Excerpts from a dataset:

________________________

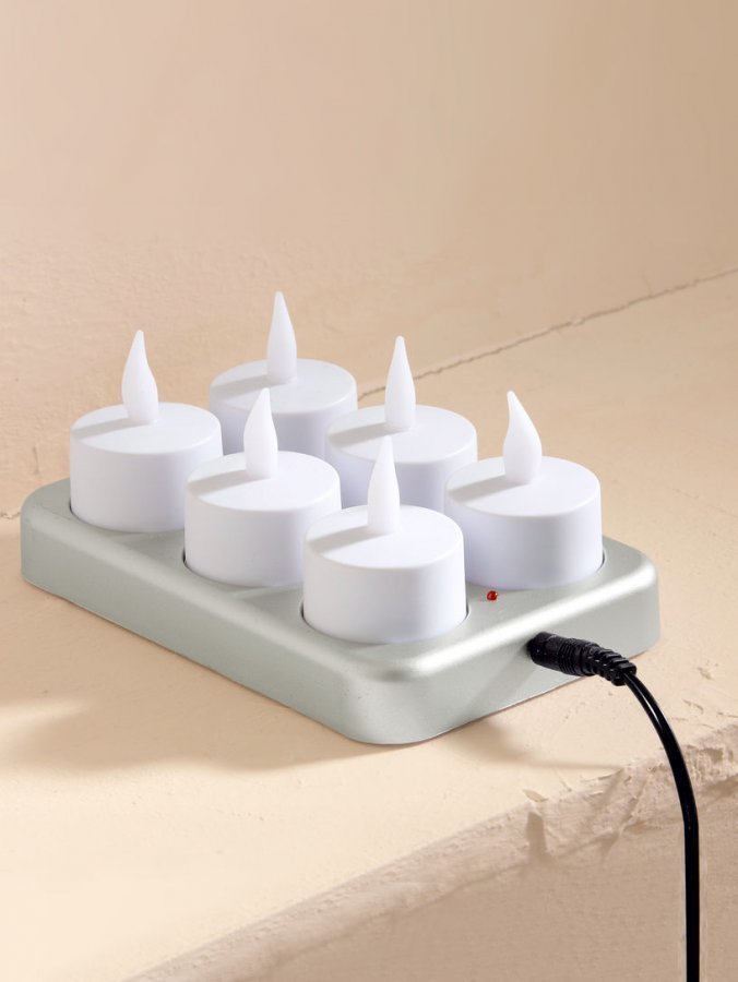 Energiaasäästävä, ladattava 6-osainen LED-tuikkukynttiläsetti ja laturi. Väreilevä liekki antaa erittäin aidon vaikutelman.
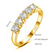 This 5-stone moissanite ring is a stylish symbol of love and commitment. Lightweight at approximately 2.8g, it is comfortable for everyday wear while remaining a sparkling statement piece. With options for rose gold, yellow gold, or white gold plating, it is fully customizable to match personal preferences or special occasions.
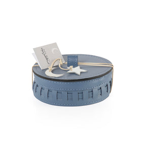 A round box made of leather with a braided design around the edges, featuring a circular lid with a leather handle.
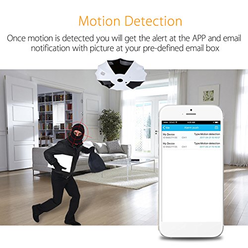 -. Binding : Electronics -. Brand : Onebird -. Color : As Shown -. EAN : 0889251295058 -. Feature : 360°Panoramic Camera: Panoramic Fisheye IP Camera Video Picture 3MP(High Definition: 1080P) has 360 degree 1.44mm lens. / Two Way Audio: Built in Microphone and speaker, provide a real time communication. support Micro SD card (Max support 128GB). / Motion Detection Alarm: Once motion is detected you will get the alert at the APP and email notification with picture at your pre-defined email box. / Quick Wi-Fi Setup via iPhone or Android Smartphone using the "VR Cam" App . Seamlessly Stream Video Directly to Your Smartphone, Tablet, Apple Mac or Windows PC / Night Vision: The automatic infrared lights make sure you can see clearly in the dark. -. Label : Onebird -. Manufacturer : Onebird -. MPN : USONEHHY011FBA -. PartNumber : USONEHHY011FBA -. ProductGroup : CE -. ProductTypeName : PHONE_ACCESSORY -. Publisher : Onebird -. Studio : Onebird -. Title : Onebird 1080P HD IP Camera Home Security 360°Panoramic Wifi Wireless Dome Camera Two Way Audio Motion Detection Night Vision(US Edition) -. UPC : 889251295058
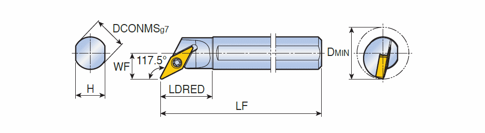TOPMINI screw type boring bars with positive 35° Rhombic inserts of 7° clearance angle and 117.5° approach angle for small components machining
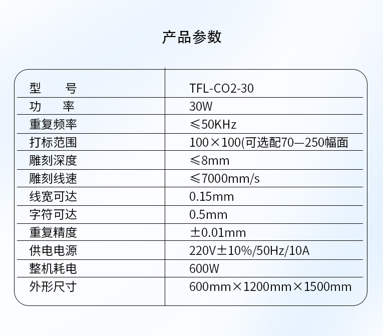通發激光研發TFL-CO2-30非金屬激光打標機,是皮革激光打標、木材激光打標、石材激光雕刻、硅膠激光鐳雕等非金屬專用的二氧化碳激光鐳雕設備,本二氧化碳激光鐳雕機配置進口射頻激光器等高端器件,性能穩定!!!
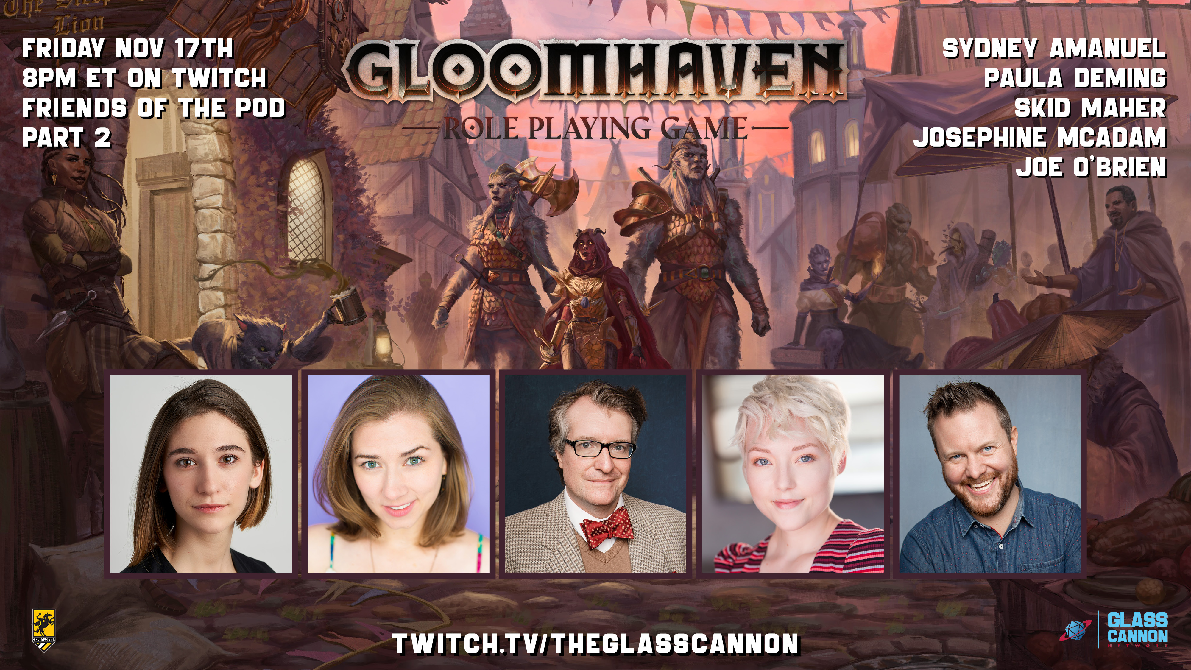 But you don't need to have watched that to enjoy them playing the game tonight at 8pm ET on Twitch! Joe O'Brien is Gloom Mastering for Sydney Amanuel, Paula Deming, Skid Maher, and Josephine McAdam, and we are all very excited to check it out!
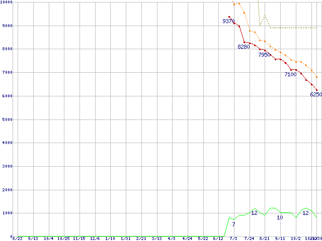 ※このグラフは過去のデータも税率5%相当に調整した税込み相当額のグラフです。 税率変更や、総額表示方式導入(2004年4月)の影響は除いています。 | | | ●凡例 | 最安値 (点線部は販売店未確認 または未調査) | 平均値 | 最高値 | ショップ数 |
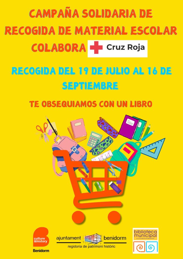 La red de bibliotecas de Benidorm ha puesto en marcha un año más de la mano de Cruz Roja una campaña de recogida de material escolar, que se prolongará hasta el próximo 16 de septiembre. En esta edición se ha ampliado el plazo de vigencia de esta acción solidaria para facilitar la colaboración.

________________________

- _ASSIGNED TASK_
Give again, please, precisely the lines that begin the records and run through the line with "A round box" in it, keeping both end lines and dropping any pictures.

- _WRITTEN REPLY_
 Energiaasäästävä, ladattava 6-osainen LED-tuikkukynttiläsetti ja laturi. Väreilevä liekki antaa erittäin aidon vaikutelman.
 This 5-stone moissanite ring is a stylish symbol of love and commitment. Lightweight at approximately 2.8g, it is comfortable for everyday wear while remaining a sparkling statement piece. With options for rose gold, yellow gold, or white gold plating, it is fully customizable to match personal preferences or special occasions.
 A round box made of leather with a braided design around the edges, featuring a circular lid with a leather handle.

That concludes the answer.